## Dataset section

********

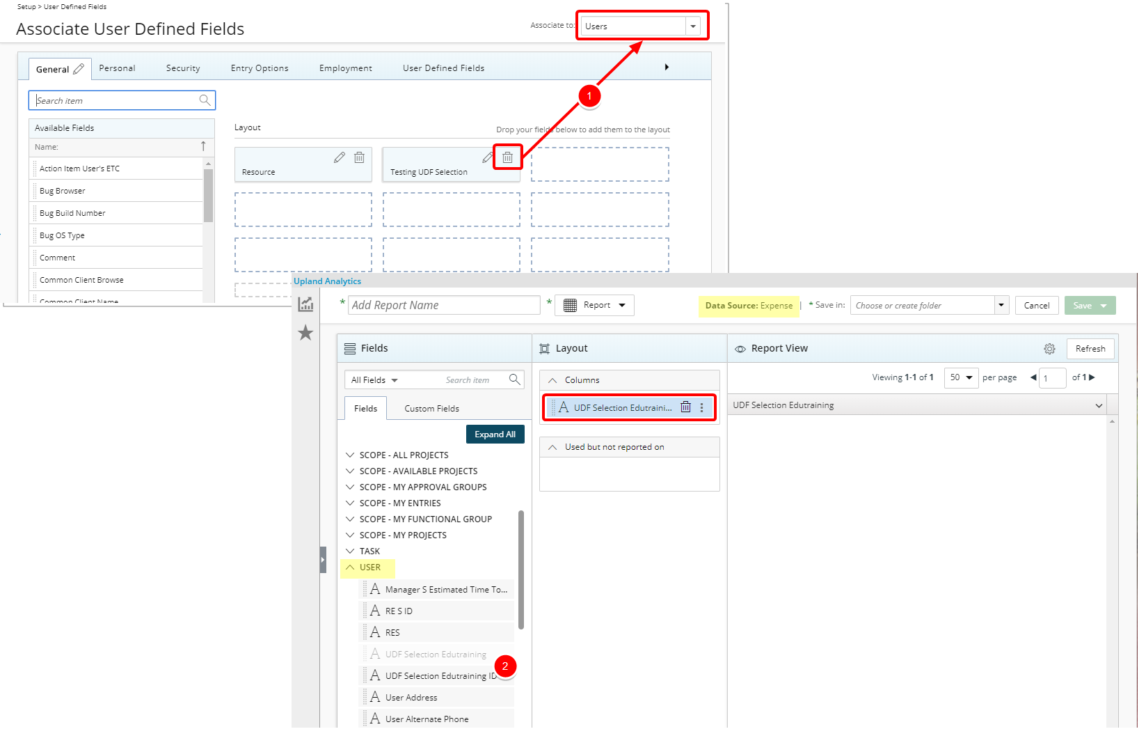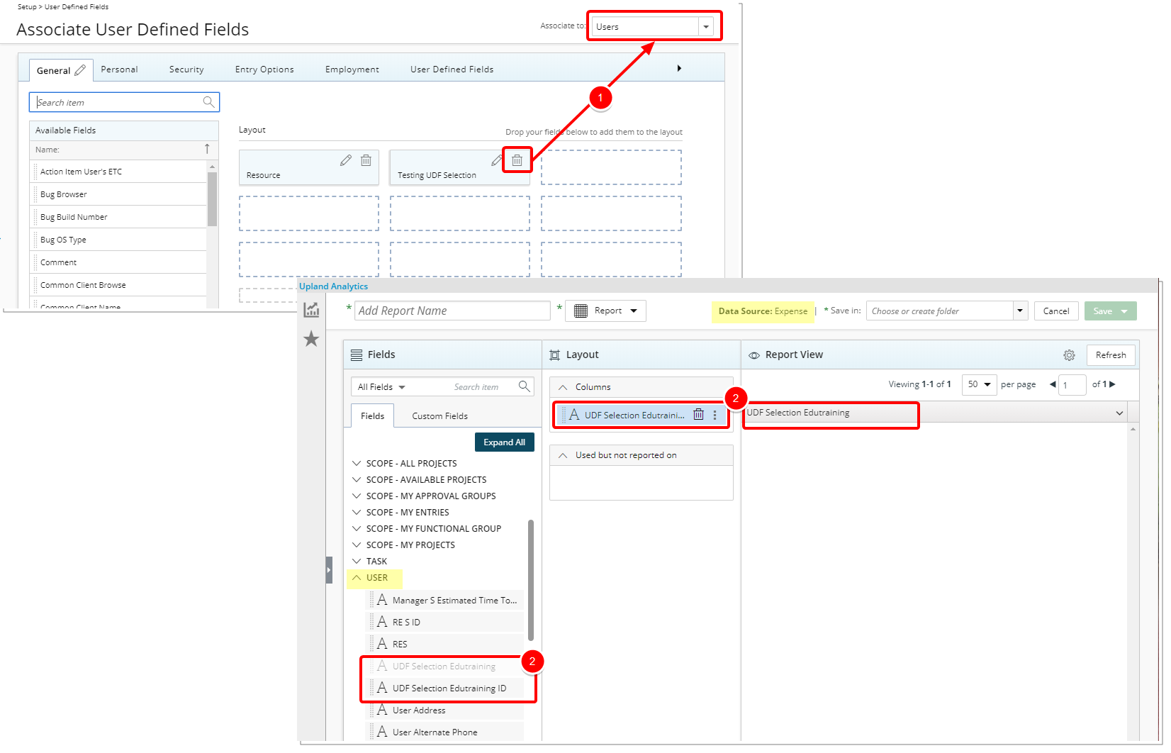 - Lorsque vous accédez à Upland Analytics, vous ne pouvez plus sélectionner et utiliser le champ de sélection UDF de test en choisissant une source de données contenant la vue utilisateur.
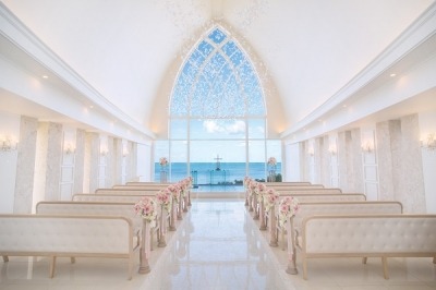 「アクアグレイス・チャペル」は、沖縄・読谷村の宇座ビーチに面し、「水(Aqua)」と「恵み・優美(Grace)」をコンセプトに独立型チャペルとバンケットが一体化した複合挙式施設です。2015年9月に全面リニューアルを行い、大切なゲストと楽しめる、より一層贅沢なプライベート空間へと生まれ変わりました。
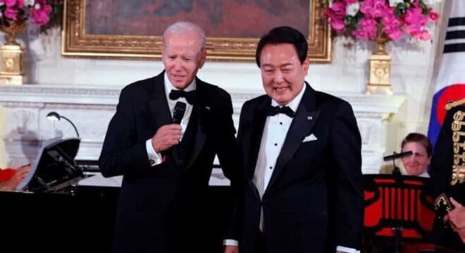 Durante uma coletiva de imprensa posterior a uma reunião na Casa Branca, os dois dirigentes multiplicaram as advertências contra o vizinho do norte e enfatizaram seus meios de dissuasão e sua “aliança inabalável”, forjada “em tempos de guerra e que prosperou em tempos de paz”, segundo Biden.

********

## Task to complete
A faithful copy of all the lines above is needed, with the pictures omitted.

## Answer section
 - Lorsque vous accédez à Upland Analytics, vous ne pouvez plus sélectionner et utiliser le champ de sélection UDF de test en choisissant une source de données contenant la vue utilisateur.
 「アクアグレイス・チャペル」は、沖縄・読谷村の宇座ビーチに面し、「水(Aqua)」と「恵み・優美(Grace)」をコンセプトに独立型チャペルとバンケットが一体化した複合挙式施設です。2015年9月に全面リニューアルを行い、大切なゲストと楽しめる、より一層贅沢なプライベート空間へと生まれ変わりました。
 Durante uma coletiva de imprensa posterior a uma reunião na Casa Branca, os dois dirigentes multiplicaram as advertências contra o vizinho do norte e enfatizaram seus meios de dissuasão e sua “aliança inabalável”, forjada “em tempos de guerra e que prosperou em tempos de paz”, segundo Biden.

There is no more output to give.